Multiple conditional formatting rules can apply to the same component. When multiple rules match, they are applied in priority order (lowest number = highest priority).

Evaluation:

  • Each rule is evaluated independently.
  • If multiple rules apply to the same property (e.g. both Rule 1 and Rule 2 set background colour), only the highest priority rule wins.
  • Rules targeting different properties (e.g. Rule 1 sets background, Rule 2 sets text style) can both apply simultaneously.

Example — layered rules on a risk table:

PriorityConditionApply toEffect
1RAG = RedRow backgroundRed highlight
2Status = "Overdue"Text styleBold, italic
3Owner = ""Text colourGrey (indicating unassigned)

Rules 1, 2, and 3 can all apply to the same row simultaneously — they target different properties.

To reorder rules: drag the rule handles in the Conditional Formatting panel.


Applying to specific columns vs. entire rows

TargetWhen to use
Specific columnHighlight a single metric (e.g. colour only the CPI column)
Entire rowHighlight the full row for a row-level condition (e.g. Red risk rows)
Component backgroundApply a state colour to a KPI card or indicator

Row-level formatting applies the same background to all cells in the row. Column-level formatting applies to a single cell in each row.


Conditional formatting in charts

Charts support conditional formatting on:

Chart elementSupported formatting
Bar seriesColour per category based on a field value or threshold
Line seriesColour not conditional per data point (uniform line colour)
Data labelsText colour based on threshold
Reference linesFixed colour — no conditional formatting

Example — bar chart coloured by RAG:

  1. Open the chart → SeriesBarConditional colour.
  2. Set source: RAG Status field.
  3. Each bar is coloured Red, Amber, or Green based on the RAG value for that category.

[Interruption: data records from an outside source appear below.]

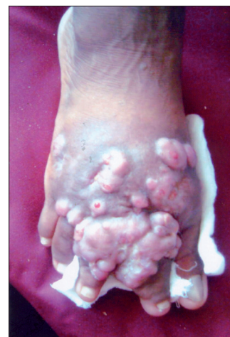
Figure 1: Photograph of lesion

The histopathological examination of biopsy revealed structure of skin, sub-cutaneous tissue and sinus tract lined by granulation tissue. Few irregular lobulated light basophilic granules were present. The granules are not bordered at the periphery by the eosinophilic material; the filaments in the granules are weak acid fast giving an impression of multiple discharging sinuses of foot – Actinomycetes Mycetoma – Nocardia species.
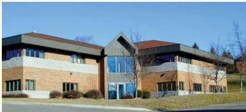
AFLC Administration Building, Plymouth, MN
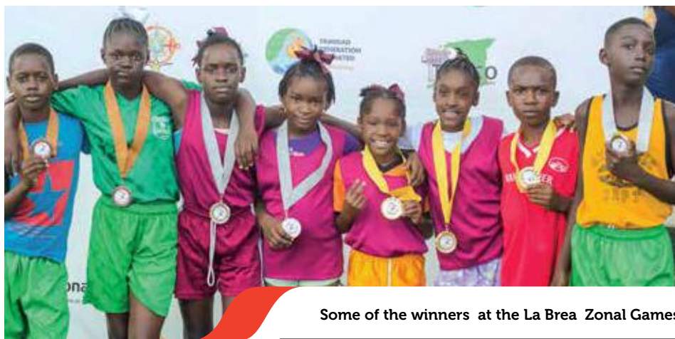
Some of the winners at the La Brea Zonal Games
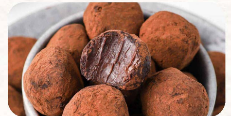
#685035, 15/7 oz, Paris Gourmet
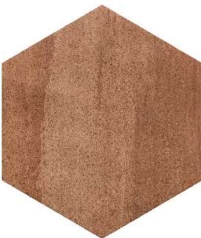
COM04 ▶ Marron 8" Flat Hex
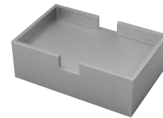
DB 7.1 Double block Suitable for: Microtitre plates
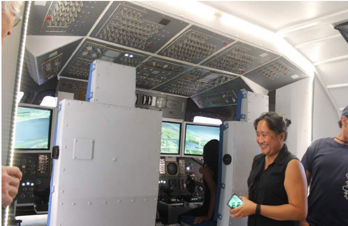
The image above shows members of the Hawai'i Island community checking out the reconstructed space shuttle cockpit at Kea'au High School.
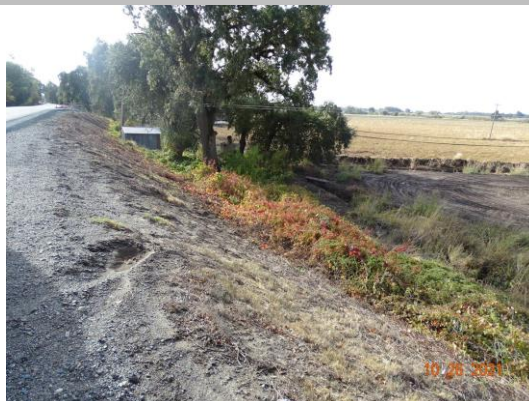
Berry and brush growth on the LS slope and in the easement. Fall 2021
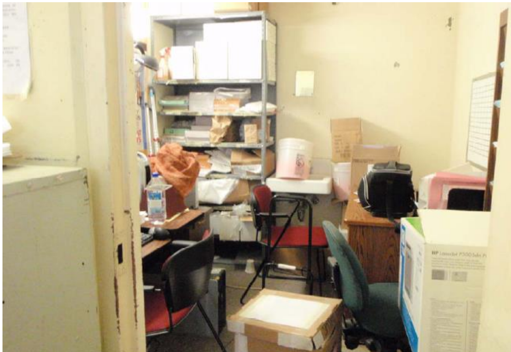
CCI-31 July 29, 2008 Facility 4A-8 Office
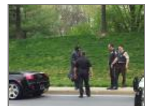
Batman Stopped By Police
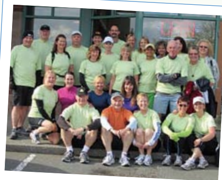
2011 Sportfit Pub Run, sponsored by Quinsam Coal.

Your support and dedication year after year benefits our Hospital, for all of us.
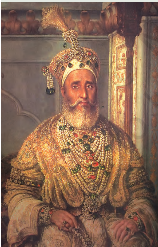
Fig. 10.1 Portrait of Bahadur Shah

Late in the afternoon of 10 May 1857, the sepoys in the cantonment of Meerut broke out in mutiny. It began in the lines of the native infantry, spread very swiftly to the cavalry and then to the city. The ordinary people of the town and surrounding villages joined the sepoys. The sepoys captured the bell of arms where the arms and ammunition were kept and proceeded to attack white people, and to ransack and burn their bungalows and property. Government buildings – the record office, jail, court, post office, treasury, etc. – were destroyed and plundered. The telegraph line to Delhi was cut. As darkness descended, a group of sepoys rode off towards Delhi.
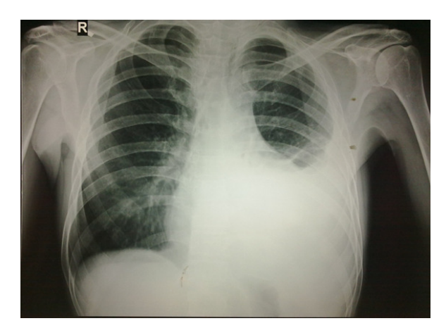
fig 1 X ray chest showing Left pleural effusion and sub segmental collapse of left lower lobe

Pancreatitis should be taken into consideration when hemorrhagic pleural effusion occurs, especially when it occurs concomitant with elevated amylase level of pleural fluid. In such a condition visual methods such as CT scan, ultrasonography and ERCP are so helpful. Treatment with drainage by a chest tube, with concomitant conservative treatment of the pancreatitis, is usually effective in massive pancreatic pleural effusions and Gastrocystotomy for pancreatic pseudocyst.
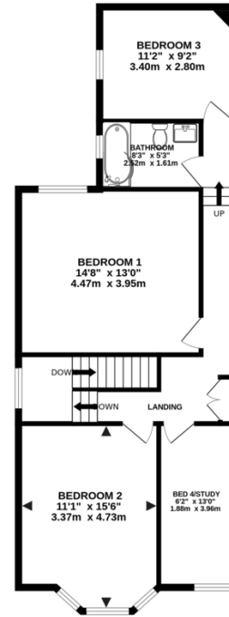
1ST FLOOR 764 sq.ft. (70.9 sq.m.) approx.
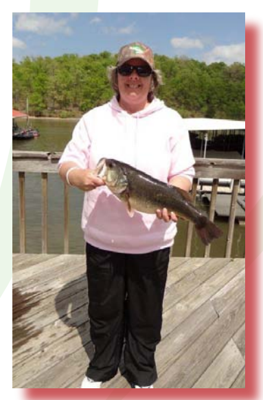
Hawg Hawlers Bass Club
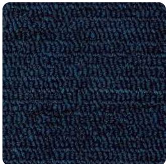
5248 Rich Blue
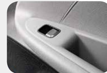
Rear door power windows
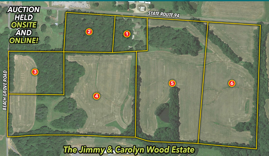
The Jimmy & Carolyn Wood Estate

TRACT 1 DETAILS: Charming 3-bedroom, 1.5-bath brick home featuring a formal living room, cozy den with built-ins, and a convenient utility room with a half bath. Enjoy the bright and inviting sunroom, perfect for relaxing. The property also boasts covered front and side porches for outdoor enjoyment. Recent upgrades include a new AC unit installed in 2024 and an updated electrical box, ensuring modern comfort and efficiency.

Troubleshooting conditional formatting

Issue: Rule is not applying

  • Check that the source field is the correct field type for the condition (numeric conditions require a numeric field).
  • Verify the threshold value is in the correct unit (Percent fields are stored as decimals — use 0.9 not 90 for 90%).
  • Check rule priority — a higher-priority rule may be overriding the one you expect.

Issue: All rows show the same colour

  • The condition may always be true. Open the preview and check what values are in the source field.
  • For date conditions (< TODAY()), check that the field contains actual date values, not text.

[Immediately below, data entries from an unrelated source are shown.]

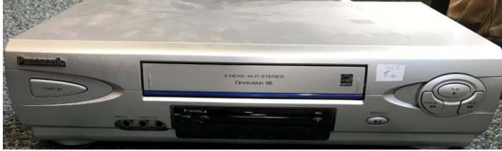
Panasonic PV-V4624S – Qty: 1
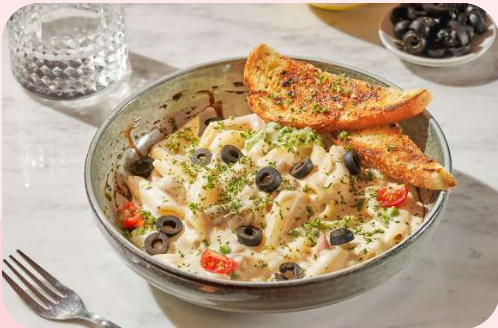
VEG PENNE PASTA ALFREDO

Please Note: 5% GST and 5% discretionary service charges is extra on all of the above prices
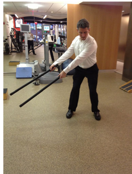
Fig. 7. Double club parallel swing. Trunk and hips remain square as clubs are rotated into backswing and follow-through by way of trunk rotation.
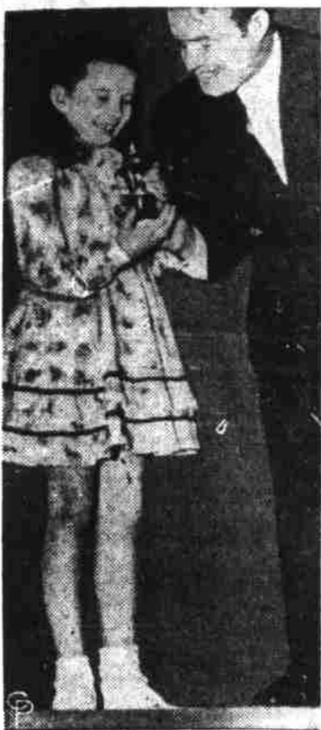
COMEDIAN Bob Hope presents to eight-year-old Margaret O'Brien an "Oscar" after she was selected as the outstanding child actress of 1944...
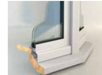
Insert Window Sill Detail
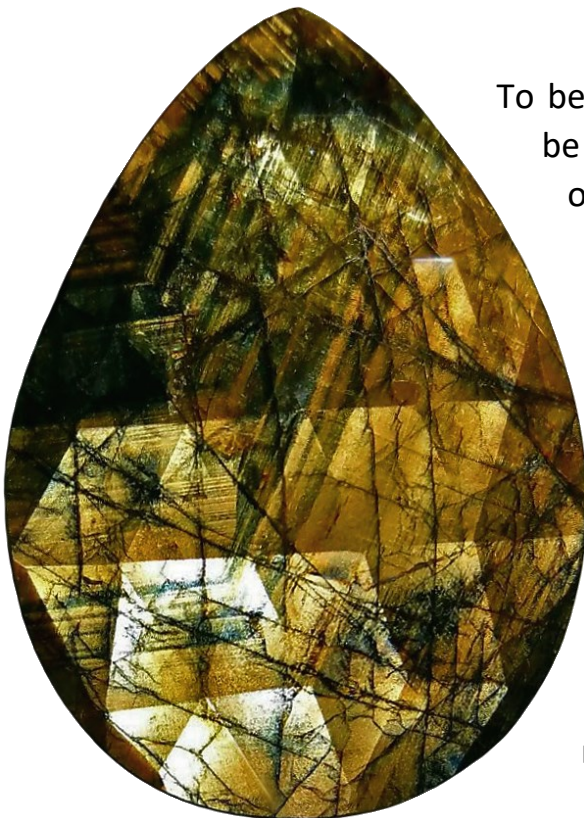
'Golden Sheen Sapphire' 4

To be eligible for trademark protection a name must be distinctive (and not merely descriptive). Thus, the owners of the 'Royal Blue' trademark ( Perfect Luck Assets Limited ) would likely struggle to prevent its use as a description of 'Sapphire'. And the same is true for Genuine Gems & Jewellery Co ; owners of 'Gold Sheen'.

Issue: Background colour not visible in PDF

  • Some PDF viewers suppress light background colours. Use a stronger contrast colour (e.g. #FFCDD2 instead of #FFF9F9).
  • Ensure Print background is enabled in the export settings (PDF).

Issue: Icon shows "?" or placeholder

  • The source field returned null. Add a null check to your threshold: set the lowest tier to trigger on null values and display a neutral icon.

Best practices

PracticeReason
Use consistent colour meaningsRed always means critical. Green always means on target. Do not reuse colours for unrelated meanings in the same report.
Keep the palette small3–4 colours maximum. More colours reduce readability.
Test with edge case dataInclude a row with null values and a row at the exact threshold boundary in your test edition.
Document your thresholdsAdd a legend component to the output explaining what each colour means — especially for client-facing reports.
Avoid conditional formatting in Excel exportsExcel export renders conditional formatting as static colours, not as Excel conditional formatting rules. The exported file will not update when the data changes.